Mundial 2026. La cruda autocrítica de Marcelo Bielsa tras el amargo debut de Uruguay ante Arabia Saudita

El técnico argentino se mostró molesto por la "pasividad" de la Celeste en el empate 1-1 frente a los Halcones Verdes. "Era un partido ganable que no ganamos", sentenció el rosarino, en un Grupo H que quedó con paridad total tras la igualdad de España.

16 de junio de 2026 a las 12:04 a. m.
La cruda autocrítica de Marcelo Bielsa tras el amargo debut de Uruguay ante Arabia Saudita
Marcelo Bielsa y su balance del 1-1 con Arabia Saudita. No fue el estreno esperado para Uruguay.

El debut de la selección de Uruguay en el Mundial 2026 dejó un sabor amargo en la delegación charrúa, y quien mejor lo expresó fue su conductor, el argentino Marcelo Bielsa. Tras el empate 1-1 ante Arabia Saudita en Miami, el entrenador rosarino no ocultó su enfado por el rendimiento de su equipo, calificando el resultado final como una "derrota encubierta" debido a la superioridad que, según su visión, Uruguay no supo capitalizar desde el inicio

Para Bielsa, la clave del encuentro estuvo en la dualidad de rendimientos que presentó la Celeste entre los dos tiempos. "Era un partido ganable que no ganamos", sentenció con su habitual laconismo en la conferencia de prensa posterior al choque que cerró la primera jornada del Grupo H.

Un primer tiempo "apagado" que costó caro

El diagnóstico del técnico argentino sobre los primeros 45 minutos fue lapidario. Bielsa identificó una falta de intensidad que resultó determinante para que el conjunto árabe se pusiera en ventaja. "El primer tiempo el equipo estuvo apagado, sin dinámica, sin presión, sin provocar errores, sin profundidad", analizó el DT.

Esta pasividad inicial no solo impidió que Uruguay dominara el trámite, sino que envalentonó al rival. Bielsa explicó que cuando un equipo que teóricamente debe marcar diferencias no genera peligro, "el equipo más débil termina atreviéndose". Esa audacia de los Halcones Verdes se tradujo en el gol del central Abdulelah Al-Amri a los 41 minutos, tras una serie de desatenciones defensivas en jugadas de pelota parada que el entrenador lamentó profundamente.
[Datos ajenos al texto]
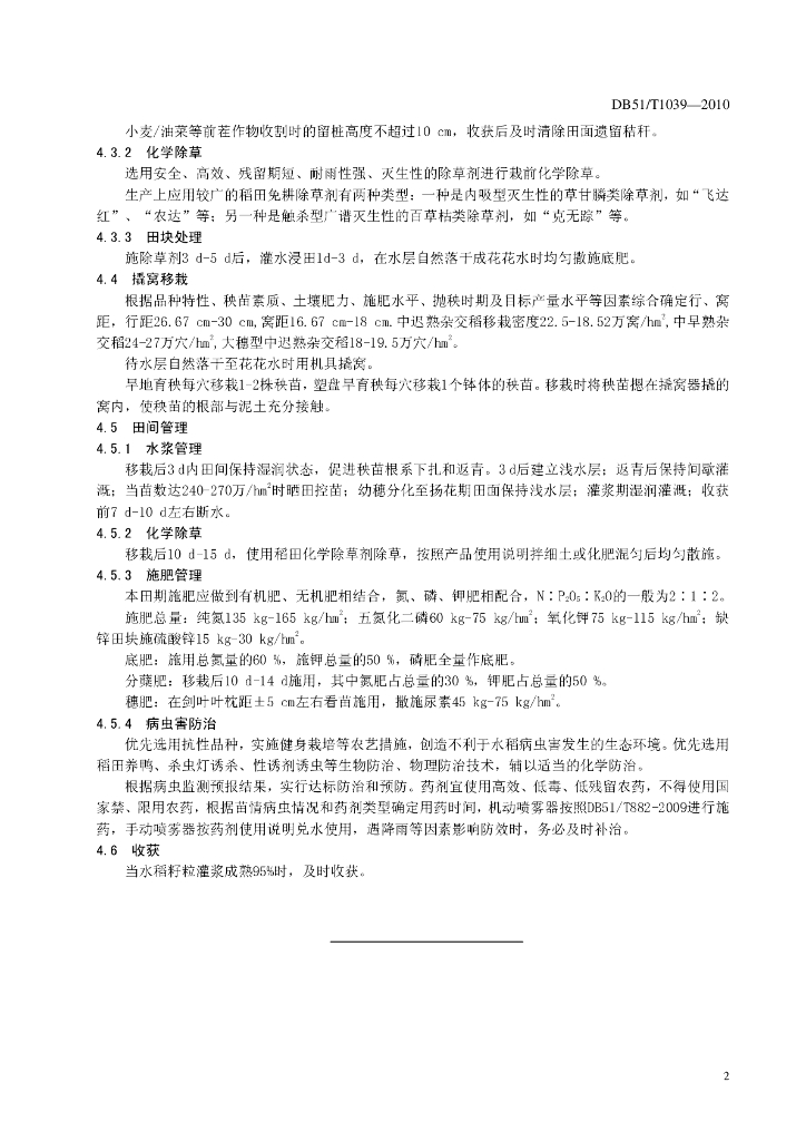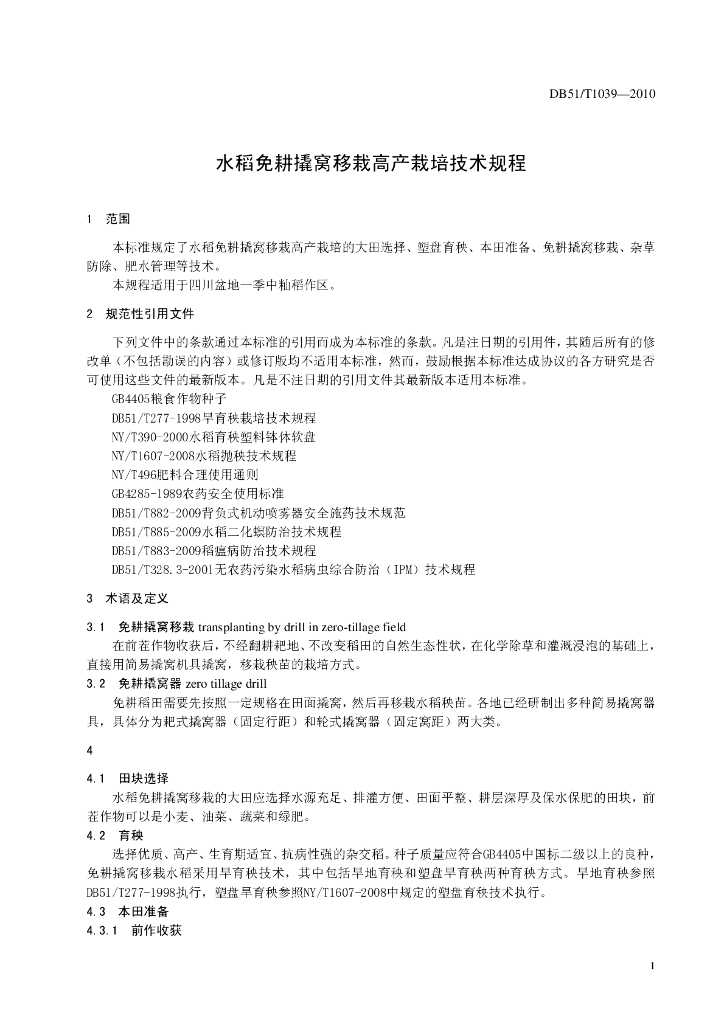 DB51/T 1039-2010 水稻免耕撬窝移栽高产栽培技术规程

La reacción insuficiente y el factor de la contundencia

En el complemento, Uruguay mostró una cara más cercana a la "identidad Bielsa". Con mayor movilidad y profundidad, el equipo empezó a cercar el área rival. El ingreso de Agustín Canobio por la derecha y Juan Manuel Sanabria por la izquierda buscó precisamente esa "sorpresa y cambio de ritmo" que le faltaba a la asociación colectiva.

Si bien el empate llegó a los 80 minutos por intermedio de Maximiliano Araújo, el técnico argentino rechazó la idea de que la mejoría del segundo tiempo compensara el flojo inicio. "Hay un camino fácil para decir que merecimos ganar en el segundo tiempo, pero el partido es todo", disparó el rosarino, subrayando que la falta de contundencia fue el otro gran pecado de sus dirigidos.
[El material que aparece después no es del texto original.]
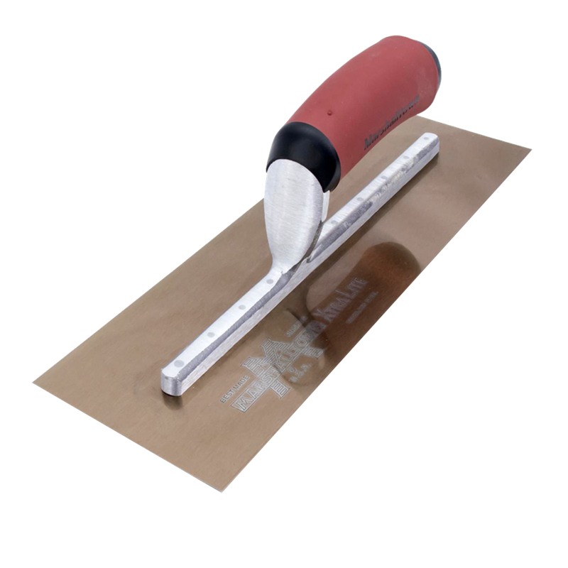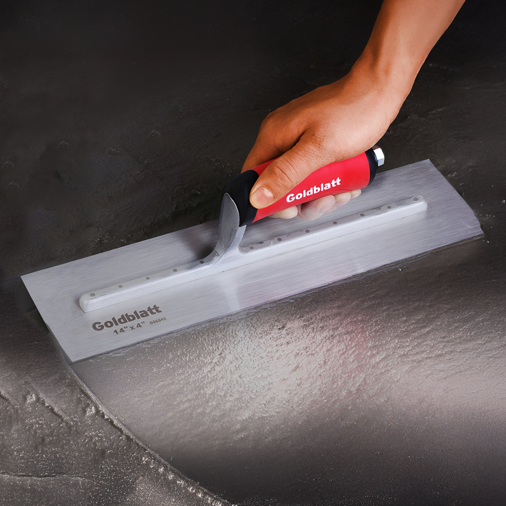 The Goldblatt Finishing Trowel is designed for professional tradesmen who demand precision and durability. Its flexible yet durable spring-steel blade is hardened, tempered, and fastened with stainless-steel rivets for long-lasting performance. A special cross-ground blade with bevel-ground edges delivers a smooth, premium finish with no aggregate popping, helping both pros and beginners work more efficiently. The ultra-strong aluminium-alloy mounting keeps the tool sturdy yet lightweight, while the ergonomic Pro Soft Grip handle provides a firm, comfortable hold and helps reduce fatigue.

Según su razonamiento, ante la cantidad de opciones generadas, Uruguay necesitaba concretar al menos dos goles para llevarse los tres puntos.

Un grupo al rojo vivo y sin margen de error

El empate de Uruguay se dio en un contexto particular dentro del Grupo H. Horas antes, España —la gran favorita de la zona— tampoco había podido pasar del 0-0 frente a Cabo Verde en Atlanta. Este escenario deja a los cuatro integrantes del grupo igualados con un punto tras la primera fecha.
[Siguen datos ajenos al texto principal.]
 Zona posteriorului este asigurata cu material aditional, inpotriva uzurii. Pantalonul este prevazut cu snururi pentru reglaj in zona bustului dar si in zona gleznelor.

Sin embargo, fiel a su estilo exigente, Bielsa se negó a encontrar consuelo en el tropiezo español. "Que el otro partido haya quedado empatado no suaviza el hecho de que hoy debíamos ganar y no ganamos", puntualizó con firmeza.

El entrenador también evitó realizar vaticinios sobre el futuro de la clasificación, centrándose exclusivamente en corregir el funcionamiento de un equipo que, pese a no sufrir lesiones en este debut, quedó en deuda con su propia propuesta .

Para el público cordobés y argentino que sigue de cerca la suerte del técnico rosarino, el mensaje quedó claro: en el mundo Bielsa, el resultado es una consecuencia del juego, y si el juego solo aparece a medias, el empate no es más que una oportunidad perdida en el máximo escenario del fútbol mundial.